Information provided:

+++

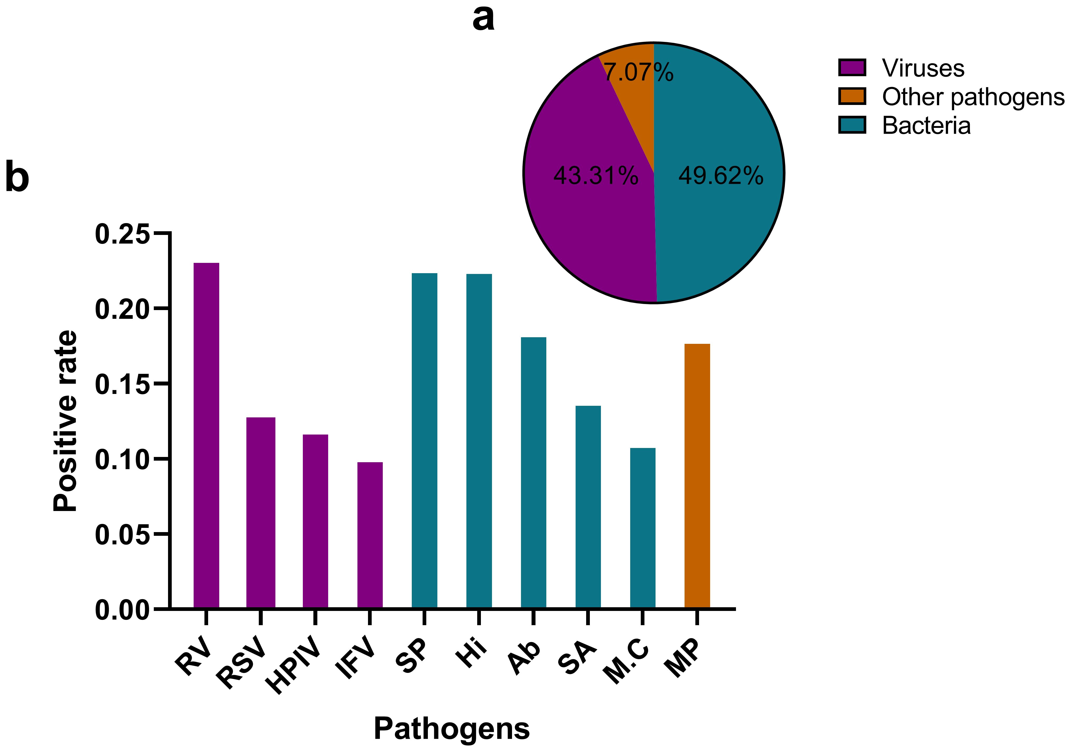 Figure 1. Distribution of pathogen types detected by tNGS in respiratory infections (a) illustrates a pie chart that delineates the distribution of various pathogen categories. Viruses constitute 43.31% of the total, while bacteria represent 49.62%. Other pathogens, which include Mycoplasma pneumoniae, Chlamydia pneumoniae, Chlamydia psittaci, and Chlamydia trachomatis, Ureaplasma urealyticum, Ureaplasma parvum, Mycoplasma hominis, Mycoplasma genitalium account for 7.07%. (b) presents a bar graph that depicts the positive rates of the ten most prevalent pathogens. RV, Rhinovirus; SP, Streptococcus pneumoniae; Hi, Haemophilus influenzae; Ab, Acinetobacter baumannii; MP, Mycoplasma pneumoniae; SA, Staphylococcus aureus; RSV, Human Respiratory Syncytial Virus; HPIV, Human Parainfluenza Virus; M.C, Moraxella catarrhalis; IFV, Influenza Virus.
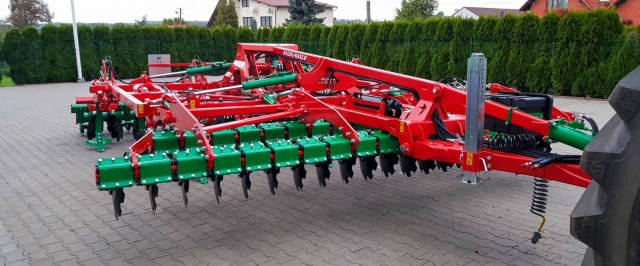 uprawie bezorkowej. Maszyna posiada cechy brony talerzowej oraz
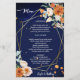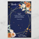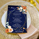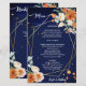 Laranja e rosas brancas sábio eucalipto verde marinho azul de fundo ouro geométrico quadro floral modelo com lista de bebidas no verso, se você não tiver bebida, pode utilizar para escrever programa, ou outra coisa, ou deixá-lo vazio.
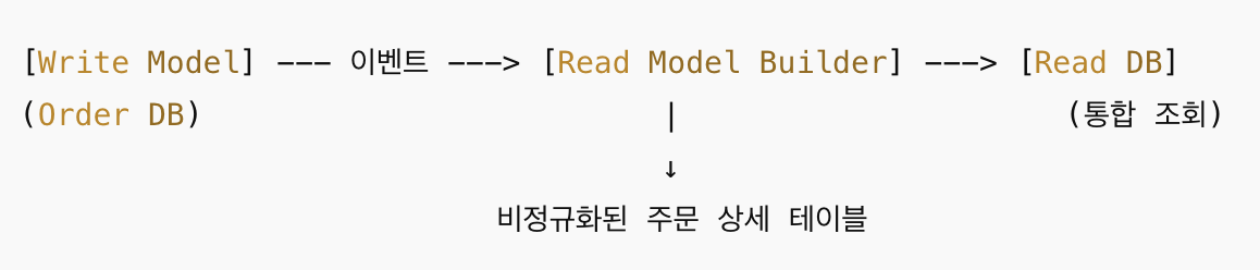 CQRS에서는 조회 전용(read model) DB를 별도로 구성합니다. 이 DB는 정규화되어 있지 않고, 화면에 최적화된 형태로 구조가 잡혀 있습니다. 주문 상세에 필요한 데이터를 미리 한 테이블에 담아두는 식입니다.
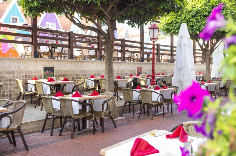La Orange County Resort Hotel Kemer oaspeții au la dispoziție 8 restaurante unde pot savura mâncăruri delicioase, în stil bufet sau à la carte. Preparate din bucătăria locală, internațională, mediteraneeană, italiană, precum și preparate pescărești așteaptă să fie degustate în fiecare zi la micul dejun, prânz și cină. Pizza este de asemenea o opțiune culinară pentru cei gurmanzi. Masa poate fi servită atât în interior, cît si în aer liber, pe terasă, în funcție de vreme. Oaspeţii pot avea diverse băuturi răcoritoare sau alcoolice la bar. De asemenea , în cadrul proprietății, există cafenea și snack bar ideale pentru o gustare rapidă.
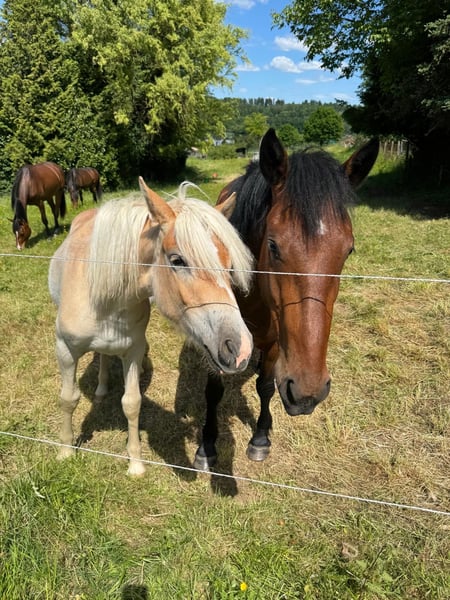 Wir geben unsere brave 4 jährige Ponystute ab. Sie ist bei uns geboren und alters- und jungpferdegerecht das ganze Jahr auf großzügigen Koppeln aufgewachsen. Momentan steht sie in einer gemischten Herde (2 Jährlinge, eine 2 Jährige und zwei 3 Jährige). Sie ist momentan eher ranghoch, stand aber auch schon mit älteren Pferden zusammen und weiß sich da entsprechend unterzuordnen. Die Mutter ist ein ungarisches Pony, der Vater leider unbekannt. Sie besitzt einen Pass, ist regelmäßig geimpft und entwurmt. Sie ist absolut Schmiede- und Verladefromm und kennt das Fohlen ABC. Letzten Sommer wurde sie schonend an den Sattel und Gurt gewöhnt. Danach haben wir ihr die Chance gegeben sich körperlich noch voll zu entwickeln. Reitergewicht kennt sie bis jetzt nicht, sollte aber kein Problem darstellen. Bei Bedarf kann sie je nach Entfernung auch gebracht werden. Bei Interesse beantworte ich gerne alle Fragen.
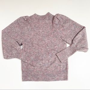 Strike a new silhouette this sweater season in a mock-neck pullover knit with wide ribbing and framed with romantic Juliet sleeves.c Mock neck Long bishop sleeves Pullover style Knit construction
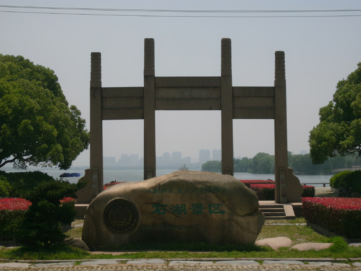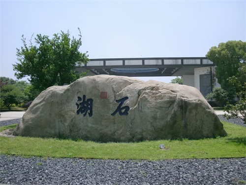石湖风景区北门入口。门前卧有一块巨石,上书“石湖”二字,虬劲有力,为乾隆所题。
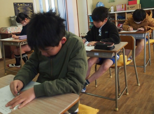 4年生の国語の様子です。漢字のテスト中でした。どの子も真剣に取り組んでいました。
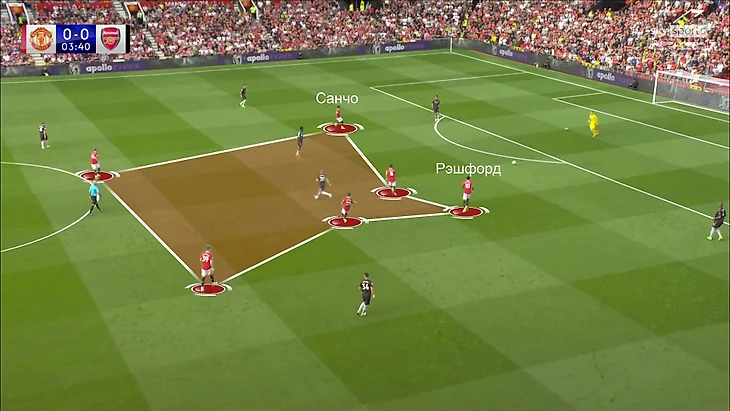 На 58-й минуте (формально еще до гола «Арсенала») Криштиану Роналду вышел вместо Антони. Еще более важным фактором была смена позиции Рэшфорда. Роналду расположился в центре, а Маркус ушел на левый фланг (Санчо – на правый). Это означало, что теперь у «МЮ» на флангах – вингеры, которые открываются на скорости, а не требуют мяч в ноги (как Антони). Намного более острый вариант для контратак.

+++

Task details:
A verbatim copy of every record is required, with all pictures excluded.

Exercise solution:
 Figure 1. Distribution of pathogen types detected by tNGS in respiratory infections (a) illustrates a pie chart that delineates the distribution of various pathogen categories. Viruses constitute 43.31% of the total, while bacteria represent 49.62%. Other pathogens, which include Mycoplasma pneumoniae, Chlamydia pneumoniae, Chlamydia psittaci, and Chlamydia trachomatis, Ureaplasma urealyticum, Ureaplasma parvum, Mycoplasma hominis, Mycoplasma genitalium account for 7.07%. (b) presents a bar graph that depicts the positive rates of the ten most prevalent pathogens. RV, Rhinovirus; SP, Streptococcus pneumoniae; Hi, Haemophilus influenzae; Ab, Acinetobacter baumannii; MP, Mycoplasma pneumoniae; SA, Staphylococcus aureus; RSV, Human Respiratory Syncytial Virus; HPIV, Human Parainfluenza Virus; M.C, Moraxella catarrhalis; IFV, Influenza Virus.
 uprawie bezorkowej. Maszyna posiada cechy brony talerzowej oraz
 Laranja e rosas brancas sábio eucalipto verde marinho azul de fundo ouro geométrico quadro floral modelo com lista de bebidas no verso, se você não tiver bebida, pode utilizar para escrever programa, ou outra coisa, ou deixá-lo vazio.
 CQRS에서는 조회 전용(read model) DB를 별도로 구성합니다. 이 DB는 정규화되어 있지 않고, 화면에 최적화된 형태로 구조가 잡혀 있습니다. 주문 상세에 필요한 데이터를 미리 한 테이블에 담아두는 식입니다.
La Orange County Resort Hotel Kemer oaspeții au la dispoziție 8 restaurante unde pot savura mâncăruri delicioase, în stil bufet sau à la carte. Preparate din bucătăria locală, internațională, mediteraneeană, italiană, precum și preparate pescărești așteaptă să fie degustate în fiecare zi la micul dejun, prânz și cină. Pizza este de asemenea o opțiune culinară pentru cei gurmanzi. Masa poate fi servită atât în interior, cît si în aer liber, pe terasă, în funcție de vreme. Oaspeţii pot avea diverse băuturi răcoritoare sau alcoolice la bar. De asemenea , în cadrul proprietății, există cafenea și snack bar ideale pentru o gustare rapidă.
 Wir geben unsere brave 4 jährige Ponystute ab. Sie ist bei uns geboren und alters- und jungpferdegerecht das ganze Jahr auf großzügigen Koppeln aufgewachsen. Momentan steht sie in einer gemischten Herde (2 Jährlinge, eine 2 Jährige und zwei 3 Jährige). Sie ist momentan eher ranghoch, stand aber auch schon mit älteren Pferden zusammen und weiß sich da entsprechend unterzuordnen. Die Mutter ist ein ungarisches Pony, der Vater leider unbekannt. Sie besitzt einen Pass, ist regelmäßig geimpft und entwurmt. Sie ist absolut Schmiede- und Verladefromm und kennt das Fohlen ABC. Letzten Sommer wurde sie schonend an den Sattel und Gurt gewöhnt. Danach haben wir ihr die Chance gegeben sich körperlich noch voll zu entwickeln. Reitergewicht kennt sie bis jetzt nicht, sollte aber kein Problem darstellen. Bei Bedarf kann sie je nach Entfernung auch gebracht werden. Bei Interesse beantworte ich gerne alle Fragen.
 Strike a new silhouette this sweater season in a mock-neck pullover knit with wide ribbing and framed with romantic Juliet sleeves.c Mock neck Long bishop sleeves Pullover style Knit construction
石湖风景区北门入口。门前卧有一块巨石,上书“石湖”二字,虬劲有力,为乾隆所题。
 4年生の国語の様子です。漢字のテスト中でした。どの子も真剣に取り組んでいました。
 На 58-й минуте (формально еще до гола «Арсенала») Криштиану Роналду вышел вместо Антони. Еще более важным фактором была смена позиции Рэшфорда. Роналду расположился в центре, а Маркус ушел на левый фланг (Санчо – на правый). Это означало, что теперь у «МЮ» на флангах – вингеры, которые открываются на скорости, а не требуют мяч в ноги (как Антони). Намного более острый вариант для контратак.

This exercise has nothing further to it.